File metadata and controls

70 lines (38 loc) · 2.53 KB

Nomad Cluster for Tensorflow Distributed Model Training IN-A-BOX.

A simple framework to deploy clusters for training of TensorFlow deep learning AI models.

  • Terraform for deployment of cluster nodes on AWS (GCP, Azure, and On-Site pending)

  • HashiCorp Nomad scheduler ensures fast and secure execution of TensorFlow code.

  • HashiCorp Consul maintains cluster state and key/value store for cluster.

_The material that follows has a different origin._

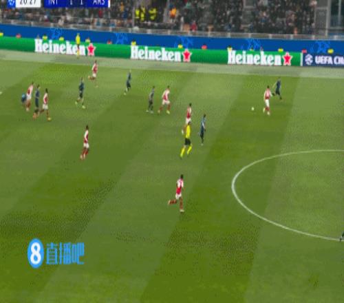 上半场伤停补时1分钟,半场结束,国际米兰暂1-2阿森纳。
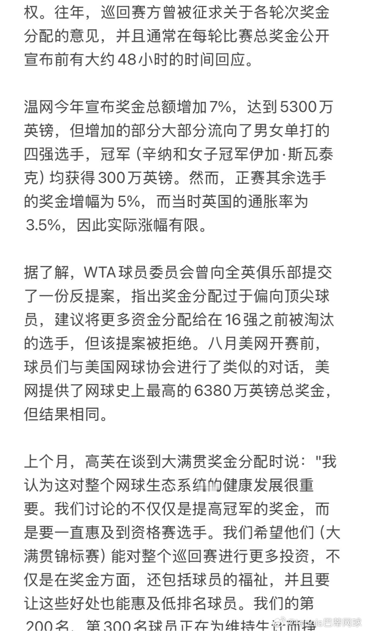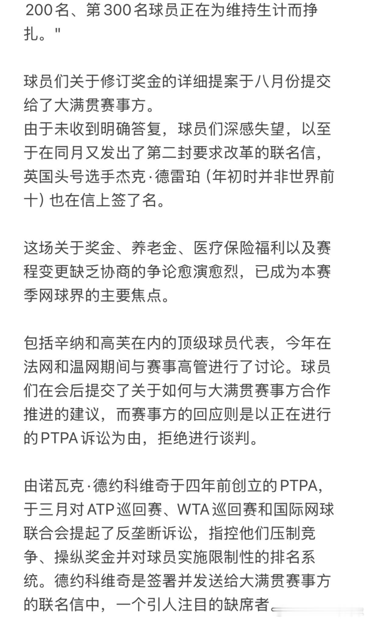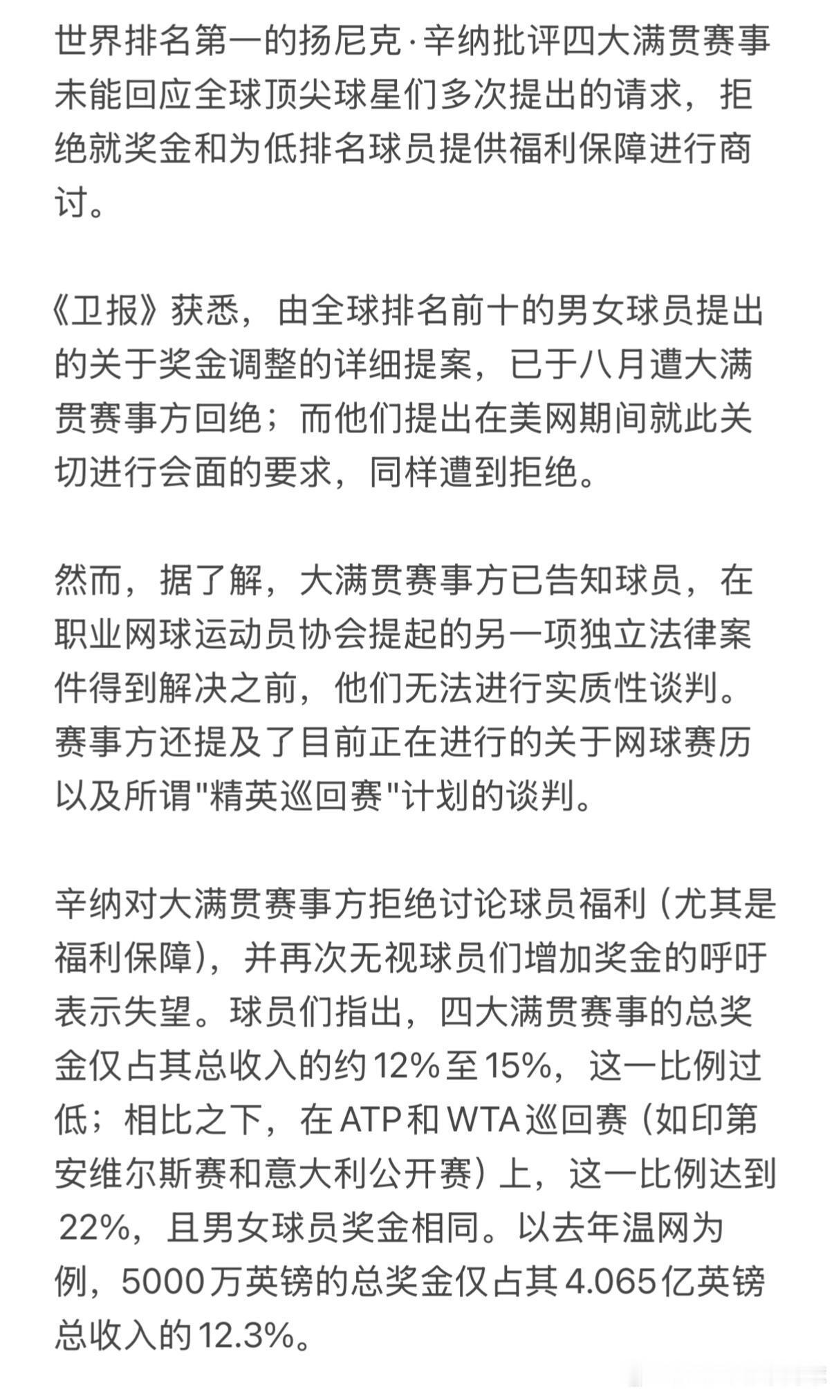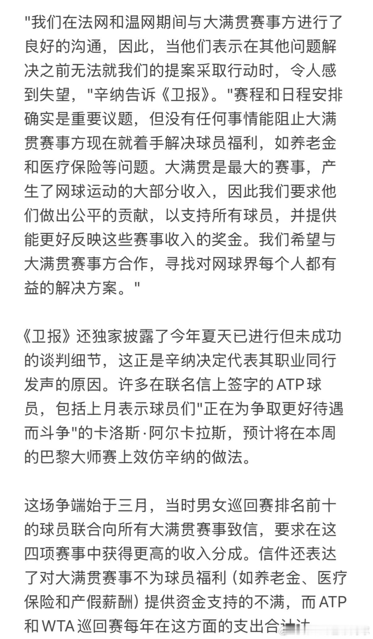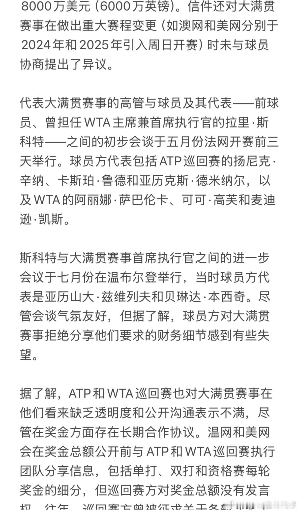 大满贯是最大的赛事,产生了网球运动的大部分收入,因此我们要求他们做出公平的贡献,以支持所有球员,并提供能更好反映这些赛事收入的奖金。我们希望与大满贯赛事方合作,寻找对网球界每个人都有益的解决方案。"

  • Nomad is lighter, faster, and easier than Kubernetes for distributed model training.

Architecture

  • TensorFlow Chief Node ("Worker 0")
  • Workers Nodes
  • Parameter Server Node
  • Evaluator Node
  • Consul as KV store

How to Use

  • Set your cloud provider authentication environment variables

  • Set variables in variables.tf, and execute terraform init & terraform apply

  • Cluster will immediately start training model, as per Git-commited Tensorflow code.

  • Trained model is saved upon completion to parameterized location (default is S3).

  • Nomad cluster node instance type is set in variables.tf, and determines hardware available for training.

  • train directory contains the Python code each cluster node type will execute.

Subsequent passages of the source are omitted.